Every company, every organisation, and every corporate image has some sort of diversity and inclusion policy and practice these days, but people with a disability come under the ‘corporate social responsibility’ label.

Or, in other words, the ‘too hard’ basket.

Diversity and inclusion officers and representatives themselves fail to include people with a disability in their employment initiatives. I once went to a meeting where a person with a disability was espousing the virtues of a particular inclusion program as a ‘diversity and inclusion’ representative, and she opened with the remark…”There’s no disability, just a bad attitude’ – a quote from Scott Hamilton.

So what’s wrong with that statement?

What it does is tell people with a disability who are out of work that it’s their own fault they’re unemployed, and that their attitude towards work is the reason they are unemployed.

It’s my experience as the CEO of a recruitment company for people with a disability representing thousands of candidates, that it is not the attitude of people with a disability that is responsible for the appalling unemployment rates of that cohort – it is the attitude of prospective employers, and people without a disability who are responsible for providing employment opportunities for them.

Partly to blame is our definition of diversity. We include women, people who identify as LGBTI, Indigenous Australian or culturally diverse people for equal opportunity in our employment policies and statistics. But there is very rarely a mention of people with a disability in diversity policies or practice.

Stop demonising people with a disability

Let’s go back to the example of the person with a disability who used the definition ‘There is no disability except a bad attitude’ for a minute.

If people with a disability themselves are espousing this philosophy, then it gives permission to the rest of the working world to blame us as well for being unemployed. It demonises people who are unable to access work due to their disability.

And I’m done with demonising people with a disability, who are being blamed as well for an annual $800 million Disability Employment Services bill to the Australian Government. Let’s be clear, people with a disability aren’t pocketing large amounts of cash to sit around and refuse to work with a bad attitude – the money goes to Disability Employment Service providers under the government’s Disability Employment Framework.
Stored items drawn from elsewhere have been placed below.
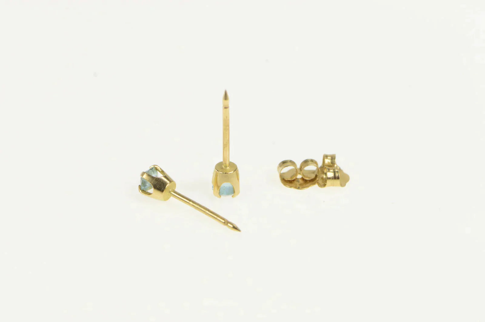 ·Item: 14K Vintage Round Blue Topaz Solitaire Stud Earrings Yellow Gold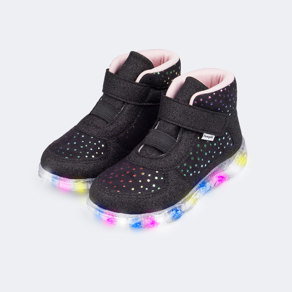 Tênis de Led Infantil Feminino Aveludado Preto Pampili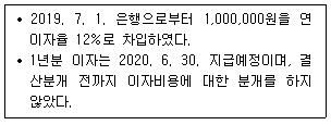 다음 자료를 토대로 한공기업의 2019. 12. 31. 재무상태표에 기록될 미지급비용을 계산하면 얼마인가? (단, 이자비용은 월할계산한다.)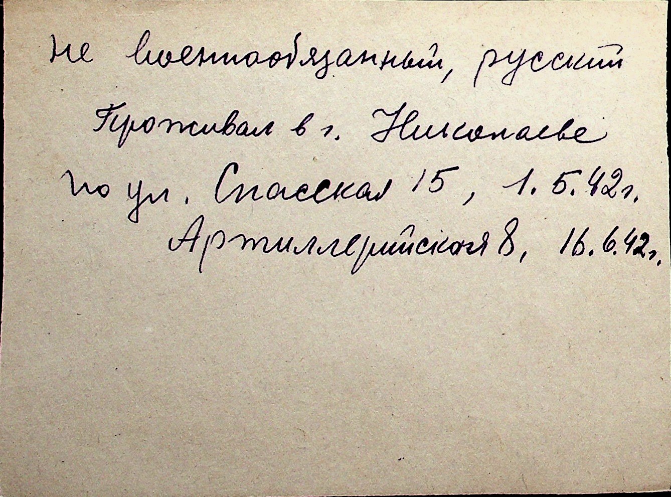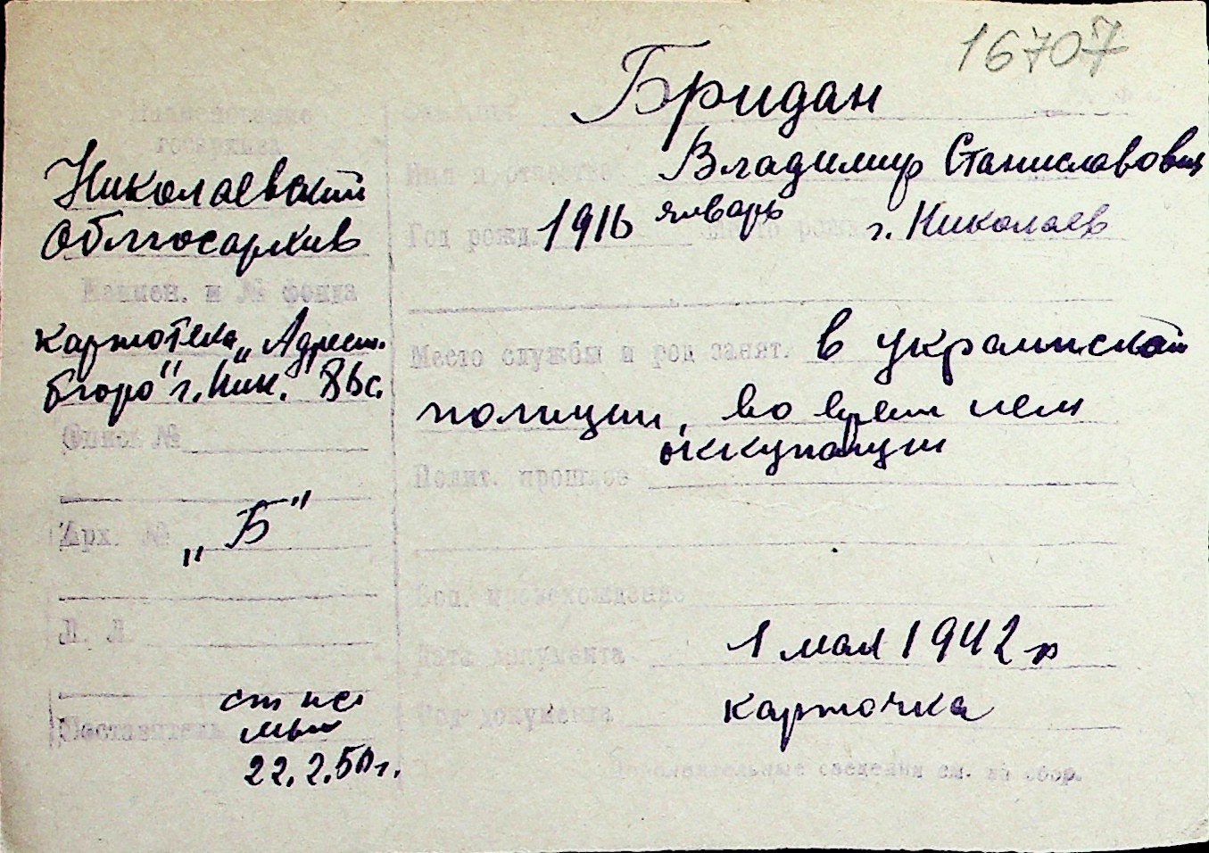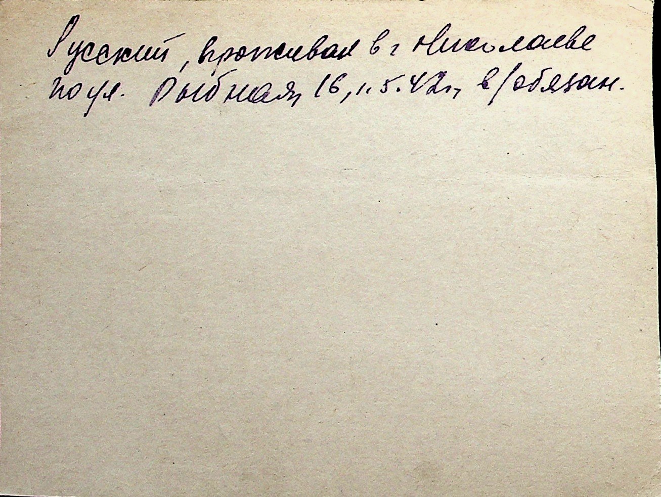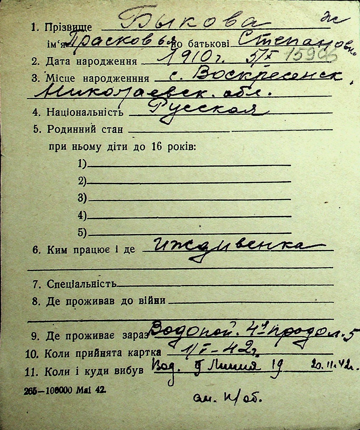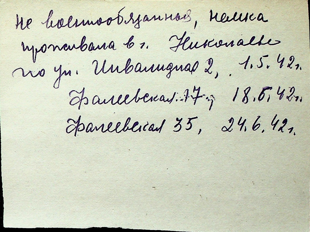 ◦ ◦ Перелік карток на осіб, які мешкали у м. Миколаїв у період окупації 1941–1944 років

But, sadly, a lack of corporate governance means that in some providers, there is an emphasis on spending as little as possible assisting a person with a disability into work, and maximising the profit taking from the government funding. In the Department of Social Services recent discussion paper on the Disability Employment Framework, openly acknowledged that people with a disability were being ‘parked’ – signed on to an employment services provider – and no action at all being taken to assist them back to work in order to maximise profits.

And that’s not the worst of it. For an $800 million bill, the Australian Government, spending taxpayer dollars, has absolutely no record of where the money has gone, and openly acknowledges in the Discussion Paper that there is no accountability for the considerable sum of money, and that the performance overall of the DES system is declining – meaning even less people with a disability are assisted into work.

In any other industry, this would warrant at least a Senate Inquiry, if not a Royal Commission.

But people with a disability – who cannot at this point, even change their DES provider - are being told it’s their own fault they can’t find a job and that they’re the ones who are expensive!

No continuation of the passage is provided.